1. (4) Explain what does the dependent variable, defined as the change in log population,
represent. What is the advantage of defining the dependent variables in this way?
2. (9) Using the results from OLS estimation in Table 1, interpret the coefficients and t-
stats of the explanatory variables.
3. (4) Explain why the two crime rates variables may be endogenous.
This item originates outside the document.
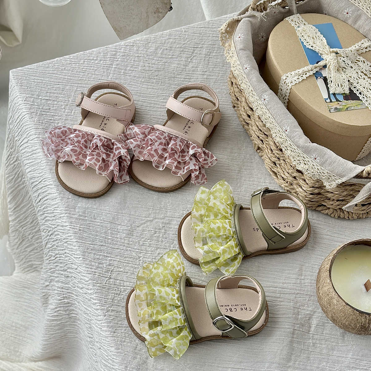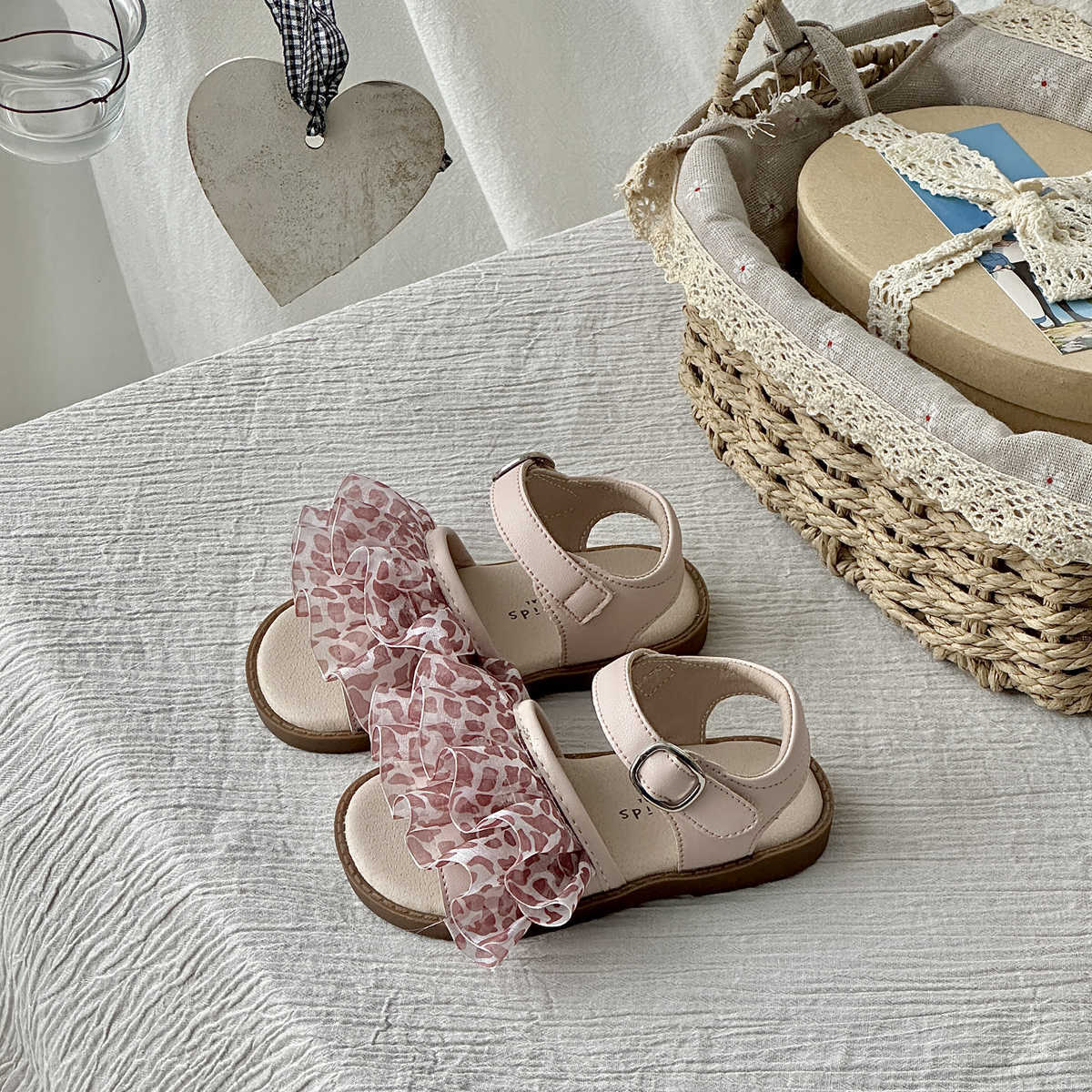XSHX "꽃무늬 물방울무늬" 한국 스타일 여아 공주 샌들 여름 오픈토 고급형 힐커버 고무 미끄럼 방지 소프트 솔

4. (8) Cullen and Levitt instrumented the two crime rates variables by the last 6 variables
dz1_ccom to dz3_rele. Explain why these variables can be a priori valid instruments
for the crime rates changes. Are the parameters of the crime rate variables exactly
identified, overidentified, or underindentified?
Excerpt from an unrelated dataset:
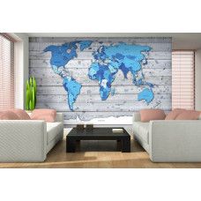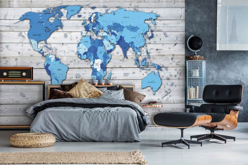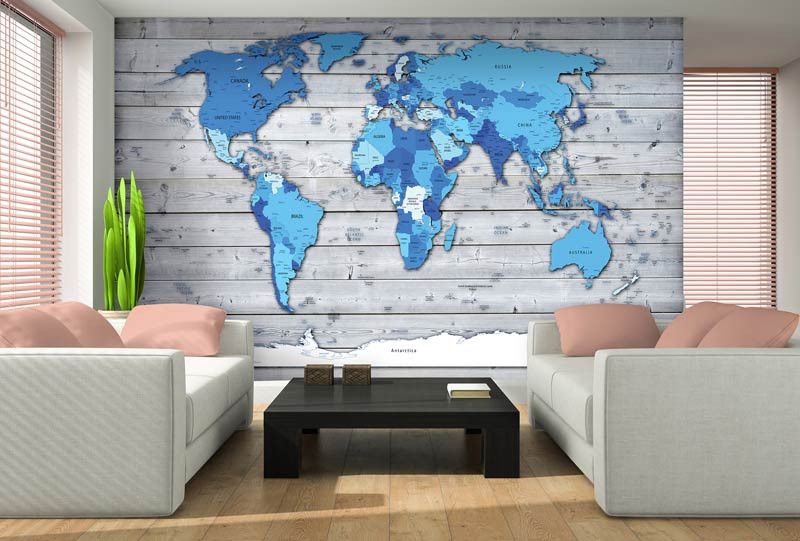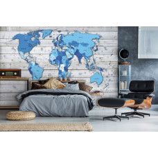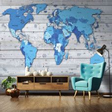 Vlies fotobehang van de blauw gekleurde wereldkaart, weergegeven op houten planken.

5. (6) How do IV estimation results compare to OLS results?
6. (6) The residual from IV estimation is saved as Resid01. Explain what is done in Table
2. What can you conclude from these results?
7. (4) Using the results in Table 3, what can you say about the instruments? What is your
overall conclusion?
Exercice 2 (36 marks)
Three researchers (F. Cai, M. Maurer-Fazio and X. Meng) have studied the determinants of being a
member of the communist party in China. We here use a subsample of 1018 working-age adults from
six Chinese cities. The variables are
Pmember: =1 if the individual is a communist party member
Beijing, Changchun, Nanjing, Tianjing, Wuhan, Xian: Dummy variables =1 if the individual
lives in the city.
Female: = 1 if the individual is female
Yrs_edu: Years of education of individual
Edu_mother: Years of education of individual’s mother
Edu_father: Years of education of individual’s father
1. (7) Explain the similarities and differences of probit compared to logit analysis (what
do we aim to explain, what is the model, estimation method, results, …)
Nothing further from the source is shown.